Executing load_dataset stage (Image by author)

Additionally, provide a suitable commit statement so that you don’t get into trouble in the future.

Stage II– perform train-test split

Let’s implement code to fetch the data from data/raw dir, perform a train-test split on it, and store it in data/processed dir.

# params.yaml

# add below section in params.yaml
make_dataset:
test_split: 0.3
random_state: 42
processed_data: /data/processed
# dvc.yaml

# add below stage just after load_dataset stage under "stages:" \
# section of dvc.yaml
make_dataset:
cmd: python ./src/data/make_dataset.py
deps:
- ./src/data/make_dataset.py
- .${load_dataset.raw_data}/${load_dataset.file_name}.csv # depend on raw data dumped in previous stage
params:
- make_dataset.test_split
- make_dataset.random_state
- make_dataset.processed_data
- load_dataset.raw_data
- load_dataset.file_name
outs:
- .${make_dataset.processed_data}/train.csv
- .${make_dataset.processed_data}/test.csv

Again repeat the same steps:
– First push the updated codebase on Git
– Run dvc repro
– After successful execution, push the updated dvc.lock , .gitignore , and dvclive(if present) folder on Git. Add meaningful commit message.
– Track the changes through DVC using dvc push That’s it.
Below I’ve added a snapshot of the output for quick reference.
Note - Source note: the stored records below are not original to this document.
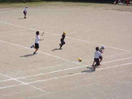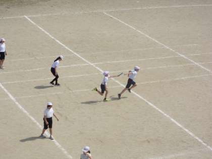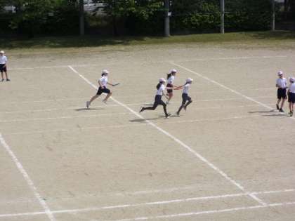 バトンパスの練習です。互いのスピードを無駄に緩めずに済むように、前走者がどこに来たら後走者がスタートするかを、考えながら行っています。スポーツは科学です。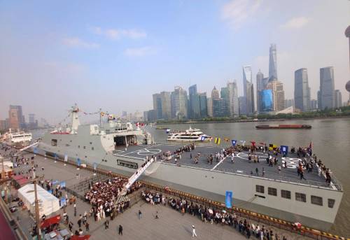 071型船坞登陆舰沂蒙山舰停靠在黄浦江畔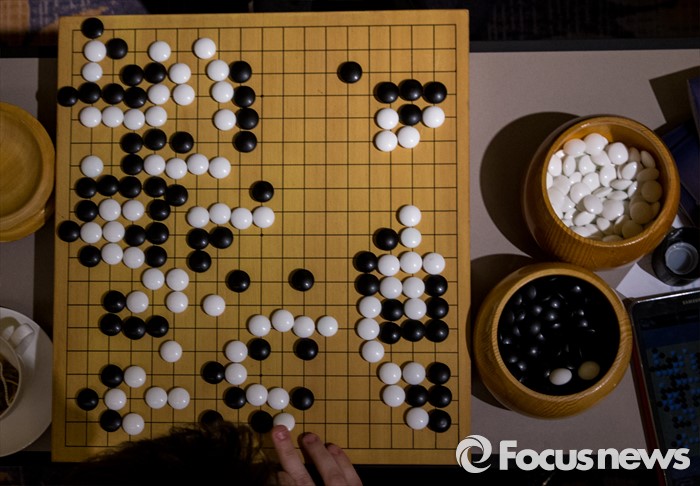 (서울=포커스뉴스) 이세돌 9단과 인공지능 알파고의 '구글 딥마인드 챌린지 매치' 3차 대국이 열린 12일 오후 서울 종로구 포시즌스 호텔 내 공개해설장에서 한 관계자가 대국을 따라 돌을 놓고 있다.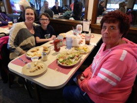 Liz Scott and longtime family friend Ann Walsh with James, Maggie and Ariana Nikolis (siblings) and Juliana McMahon May 5, 2017 at Jim’s Pizza in Windsor, Connecticut.

Executing make_dataset stage (Image by author)

Stage III– train the ml model

We extracted the data, split it, and now we’re all set to train the model. Let’s train the model and see the magic of DVC.

# params.yaml

# add below code in params.yaml
train_model:
seed: 42
n_estimators: 15
max_depth: 8
model_loc: /models
# dvc.yaml

# add below stage just after make_dataset stage under "stages:" \
# section of dvc.yaml
train_model:
cmd: python ./src/models/train_model.py
deps:
- .${make_dataset.processed_data}/train.csv # depend on train.csv &
- ./src/models/train_model.py
params:
- train_model.seed
- train_model.n_estimators
- train_model.max_depth
- train_model.model_loc
- make_dataset.processed_data
- base.target_col
outs:
- .${train_model.model_loc}/model.joblib

In train_model.py you’ll notice that I’ve used dvclive. Let me explain its magic:
dvclive allow us to track and record metrics of machine learning experiments. This includes metrics like accuracy, loss, precision, recall, confusion metrics, or any other custom metrics you want to monitor.
– It integrates seamlessly with DVC which ensures that the experiment metrics are stored and versioned along with your code and data.
– It provides real-time visualization of the metrics during the training or evaluation process. This can be useful for monitoring the progress of your model and identifying trends or issues as they occur.
– It offers a web-based interface or dashboard where we can view and analyze the recorded metrics. This can enhance the interpretability of our experiments.
– It also helps in maintaining consistent experiment logging practices across different runs, making it easier to compare results and understand the impact of changes to your code or data.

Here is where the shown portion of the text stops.